A judge heard arguments Monday in a case filed by two environmental watchdog groups, who allege the Health Council did not give proper notice for a meeting it held about radioactive waste rules and ask that the rules be voided and the meeting be re-held.
South Central District Judge Thomas Schneider said he would issue an opinion on whether to proceed to trial or dismiss the case.
The regulations decided on at the Aug. 11 meeting raised the acceptable levels of radioactivity that can be disposed in state landfills.
At the hearing, an attorney for the Health Council conceded the agency had not given proper notice of the meeting, but argued the meeting doesn't need to be done over. The Health Council already complied with an official opinion from the state attorney general by providing minutes of the meeting after the fact. He noted that five days' notice had been given, and some people had come to speak at the meeting.
"No one was deprived of the ability to attend the meetings. They just weren't noticed correctly," said Jeff Petrie, an assistant attorney general.

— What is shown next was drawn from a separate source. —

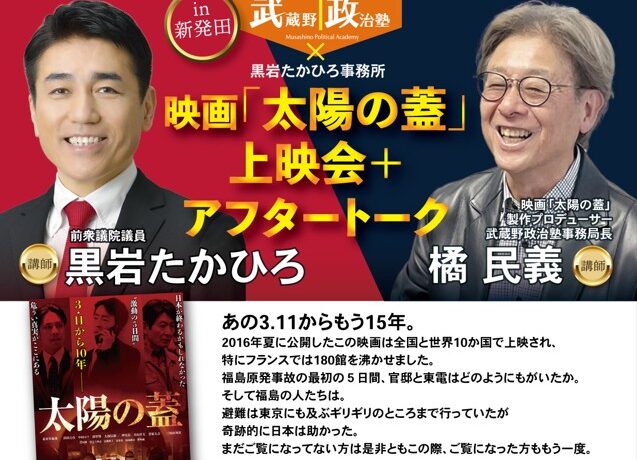 NEW!!【イベント】第40回武蔵野政治塾in新発田『「映画「太陽の蓋」上映会+アフタートーク』の情報公開をしました!

Petrie also argued that because it was a meeting not a hearing, people had a right to be present but not necessarily to testify. People had made comments in the past at properly noticed hearings.
"The Health Council wanted to be as transparent as possible," Petrie said of allowing testimony at the contested meeting.
Sarah Vogel, who represents the North Dakota Energy Industry Waste Coalition and the Dakota Resource Council, argued that the Attorney General's opinion was unpersuasive and needed to be reviewed by the court. Vogel said an appropriate remedy would be to re-convene the meeting. Minutes only tell you what happened at a meeting, she argued.
"It defies common sense," Vogel said.
Vogel said people were harmed by the failure to give proper notice.
Several people filed affidavits in the case, saying they would have appeared and spoken about the way the radioactive waste would affect their health and land and property values.
Vogel also said there were factual matters that required a trial to resolve, including when the agenda for the meeting was set and whether people were harmed.
She said the attorney general has allowed a re-do of a meeting in other cases.